Costis Maglaras
- Dean
- Dean's Office
- David and Lyn Silfen Professor of Business
- Decision, Risk, and Operations Division
- Areas of Expertise
- AI, Financial Engineering, Operations & Supply Chain Management
- Contact
- Office: 352 Kravis
- Phone: (212) 8540443
- E-mail: [email protected]
- Links
- Curriculum Vitae
Costis Maglaras is the 16th Dean of Columbia Business School, and the David and Lyn Silfen Professor of Business at Columbia University. Costis received his BS in Electrical Engineering from Imperial College, London, in 1990, and his MS and PhD in Electrical Engineering from Stanford University in 1991 and 1998, respectively. He joined Columbia Business School in 1998, when he joined the Decision, Risk and Operations Division. Prior to becoming dean he served as chair of the Decision, Risk & Operations division at the Business School, Director of the School's doctoral program, and was a member of the executive committee of the University's Data Science Institute.
His research lies on the interface between applied mathematics, economics and engineering, with emphasis on stochastic networks, financial engineering, and algorithmic pricing and revenue management. Recent work has focused on market microstructure of electronic (financial) limit order book markets; the diffusion of information over social networks; the economics and control of queueing networks with strategic agents, such as the ones encountered in ride-hailing; and the application of algorithmic pricing in the residential real-estate market. His work has been recognized through several research awards. and he has advised 20 doctoral students that have gone to academia and industry.
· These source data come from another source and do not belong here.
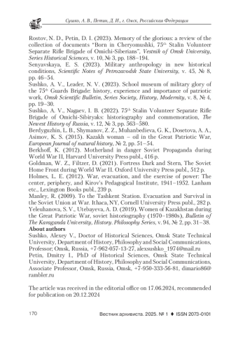 9. Ростов, Н. Д., Петин, Д. И. Памяти славных: рецензия на сборник документов “Рождённая в Черёмушках: 75-я Сталинская добровольческая отдельная стрелковая бригада омичей-сибиряков” // Вестник Омского университета. Серия: Исторические науки. 2023. Т. 10. № 3. С. 188-194. EDN: VIVTPH
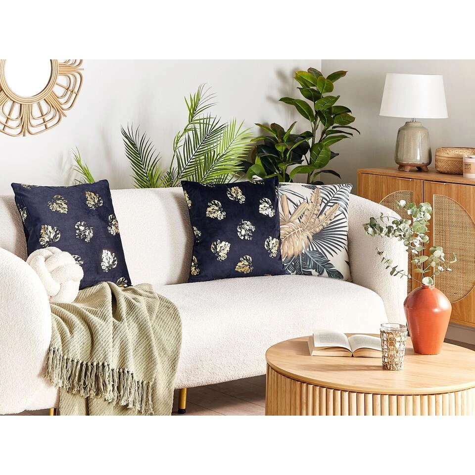 Glamour kussens met bladerprint. Deze kussens zijn een echt stijlvol accessoire. Elegante kussenhoezen in zwarte kleur gecombineerd met gouden bladeren print brengen een glamour accent in het interieur, waardoor het er net wat chiquer uitziet. Naast een mooi design zijn de kussens dik gevuld, dus perfect voor een middagdutje.
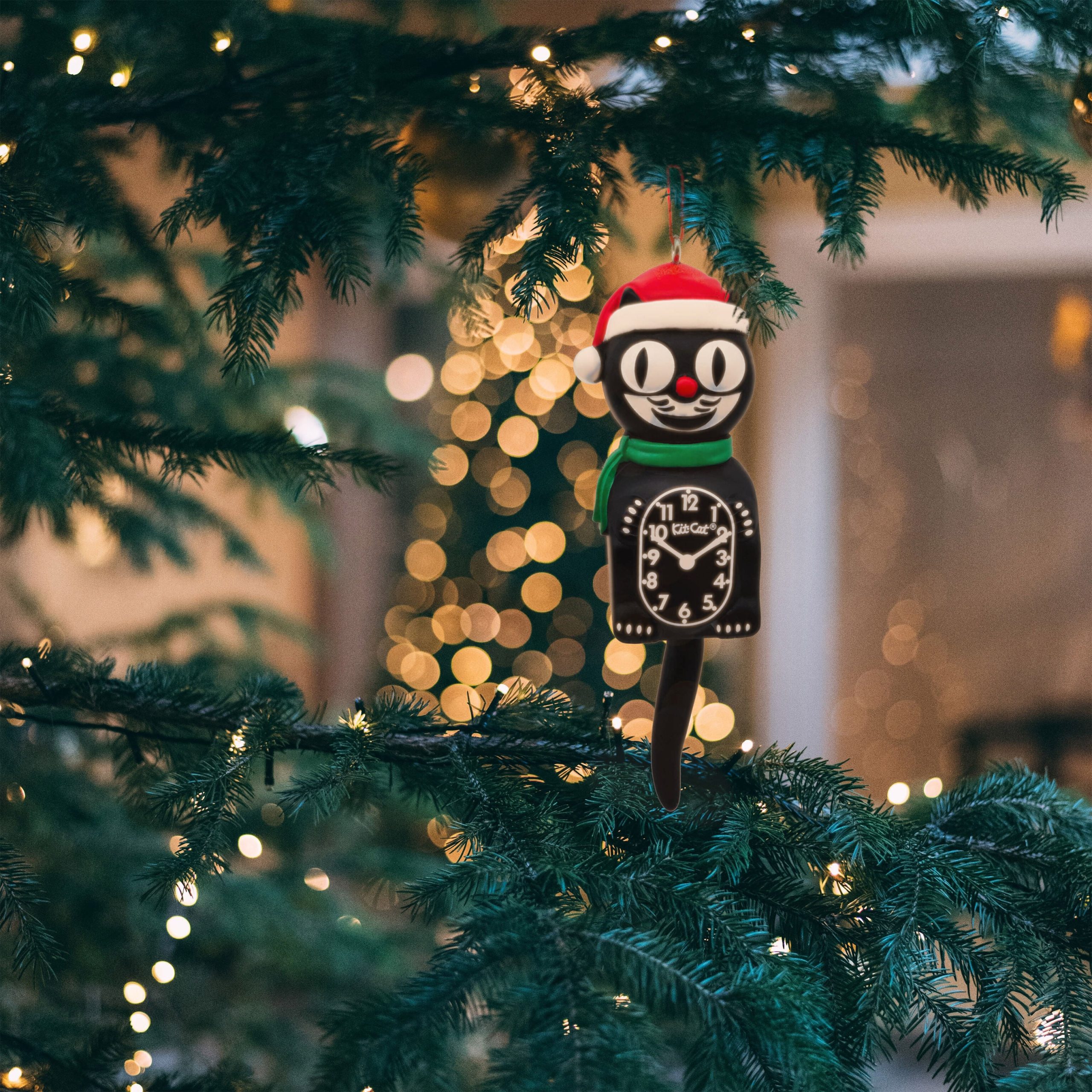The Kit-Cat Clock. an American pop culture icon for over 80 years. is now a holiday ornament! Donned in a Santa Claus Hat. this cute ornament will make everyone smile when they see it on your Christmas tree. The Kit-Cat Clock is made from polyresin and measures 4.25h x 1w.
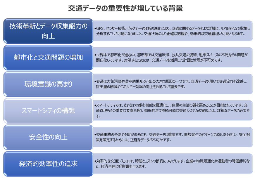 これらの背景により、交通データは都市計画、環境保全、経済活動、安全など、さまざまな分野での意思決定において重要な役割を果たしています。また、これらのデータを活用することで、より快適で持続可能な交通システムの構築に貢献しています。
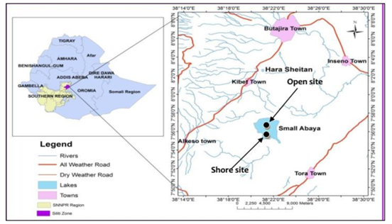 Lake Tinshu Abaya, which is interchangeably called Small Abaya to imply its size and to separate the other large lake (L. Abaya) having similar name of Tinishu Abaya, is located at about 160 km Southwest of Addis Ababa, capital city of Ethiopia. It is situated in the Silttie Zone (Silttie District, Kebet/Silttie Town) of the Southern Nations, Nationalities and Peoples Regional State of Ethiopia. It is found in a small village termed Gebrie–Ber located at about 15 km in the eastern direction from the town of Kebet/Silttie. The lake is located at 7029´03.65´´N latitude and 38003`17.79´´E longitude and at an altitude of 1835 m above sea level. Lake Tinishu Abaya is a small–sized inland freshwater system among the rift valley lakes of Ethiopia. The lake covers a total area of 1253 hectares (12.53 km2).9 It is a shallow lake with a maximum and a mean depth of 3.7 m and 2.9 m respectively (survey of this study). The lake is almost an oval shape (Figure 1). Lake Tinishu Abaya has two feeder rivers and a single outlet. Rivers Dacha (northern corned) and Boboda (southern corner) are the main tributaries for the Lake Tinishu Abaya. River Badober (northern corner) is a small river which served as an outlet for the lake. During this study, two major perennial rivers (Rivers Dacha and Boboda) and a single outlet (River Badober) were always active.
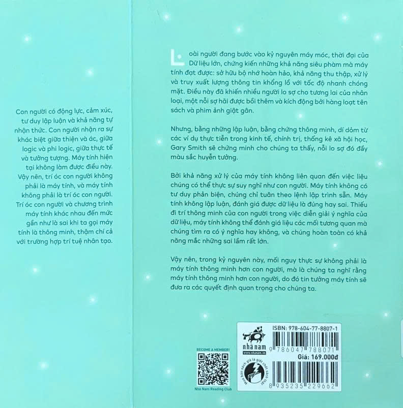 Với lối viết gần gũi, lập luận rõ ràng cùng nhiều ví dụ dễ hiểu, sách phù hợp cho những ai quan tâm đến công nghệ, dữ liệu và tư duy phản biện. Một lựa chọn nhẹ nhàng nhưng giàu giá trị, giúp bạn đọc suy ngẫm kỹ hơn trước làn sóng AI đang lan tỏa mạnh mẽ trong đời sống hiện nay.
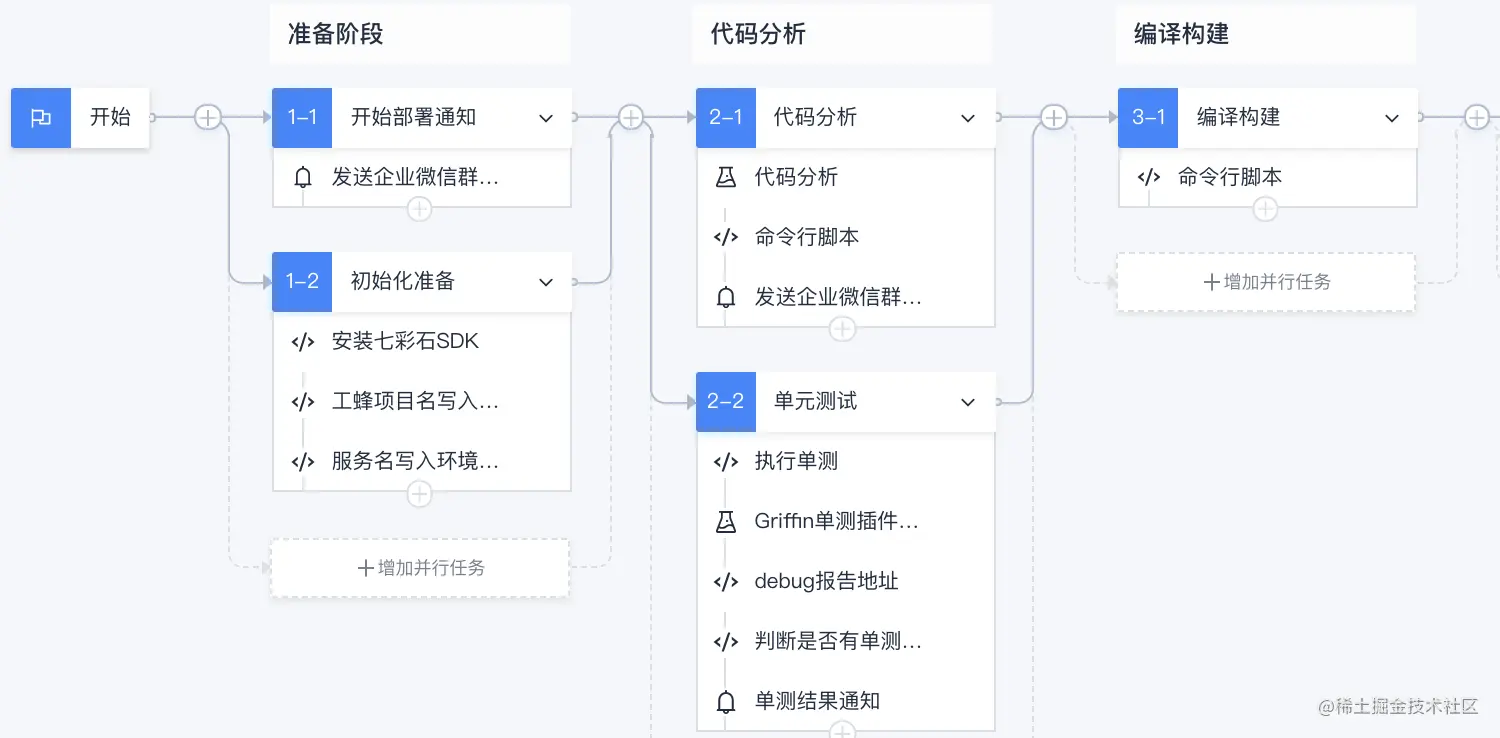这里主要使用了 coding 平台,为了区分不同环境,建立了开发、测试、预发布、测试四套不同流水线模板,还引入了合流机制来加入人工 code review 阶段。
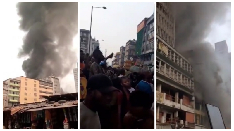 This is a fire 🔥 incident currently happening in balogun Lagos island as of now about two buildings are on fire pic.twitter.com/5HgoEAoykn
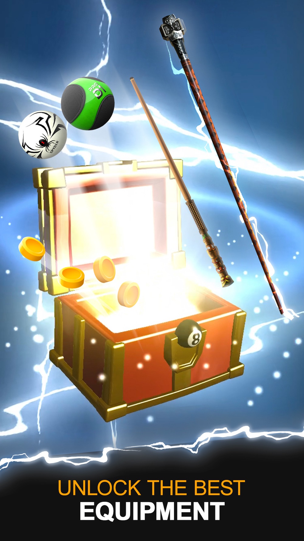 Feel the might of more than 40 unique pool cues, each with their own SPECIAL FEATURES and upgrades to help you unleash extraordinary powers. Play games to complete your arsenal of pool cues and become an 8 ball pool legend.
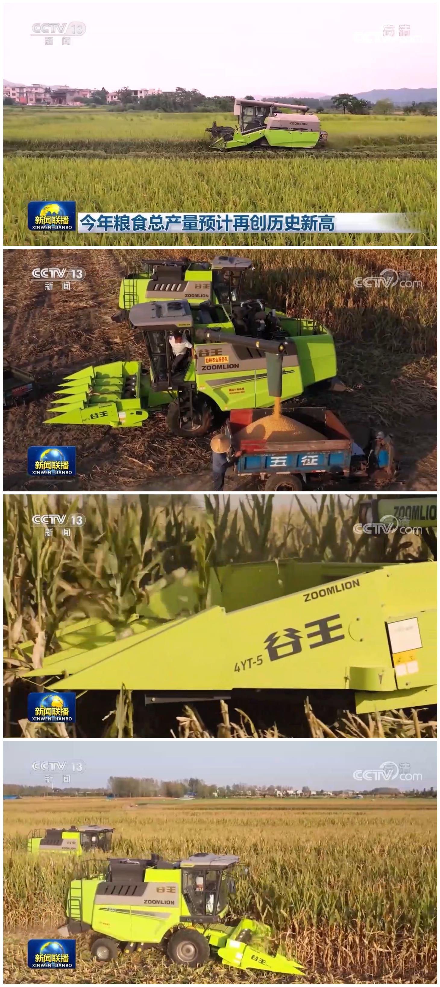 10月28日,中央電視臺(tái)《新聞聯(lián)播》播出了“今年糧食總產(chǎn)量預(yù)計(jì)再創(chuàng)歷史新高”的主題報(bào)道,聚焦農(nóng)業(yè)農(nóng)村部發(fā)布秋糧收獲接近九成,豐收已成定局,預(yù)計(jì)全年糧食總產(chǎn)量再創(chuàng)歷史新高,連續(xù)6年保持在1.3萬億斤以上。重點(diǎn)展示了中聯(lián)重科農(nóng)機(jī)產(chǎn)品在田間作業(yè)的工作畫面,一派豐收景象。
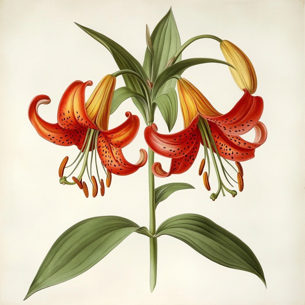Создано на основе запроса: botanical illustration similar to American Turk's cap lily, Lilium superbum, Georg Dionysius Ehret

Costis teaches courses in the MBA and PhD programs, and he has also received the Dean's award at Columbia Business School for teaching excellence for the core course Managerial Statistics, and the Dean's award for Teaching Innovation for his work on the Technology and Analytics curriculum in Columbia's MBA and EMBA programs.
Outside of the Business School, his experience has been focused on financial technology, asset management and markets, and digital technology. From 1991 to 1993 he served as a research scientist at Canon Research Center America, working on image processing and optical character recognition. In 2007, Costis helped found Mismi Inc., a venture-backed financial technology firm that introduced quantitative trading algorithms and transaction analytics tools to the equities market. Mismi was a broker dealer and an Alternative Trading System (ATS; dark pool). As chief scientist he co-developed all the firm’s IP, built and directed the quantitative research and engineering teams, and served as president of the firm until 2014. In the last decade he has worked with major financial institutions and hedge funds, including a long-standing collaboration with Goldman Sachs’ Global Markets Division focusing on quantitative research and equity trading. He is a Fellow of INFORMS, an Honorary Fellow of the Foreign Policy Association, and a Member of the Economic Club of New York. He serves on the Board of Trustees of Athens College.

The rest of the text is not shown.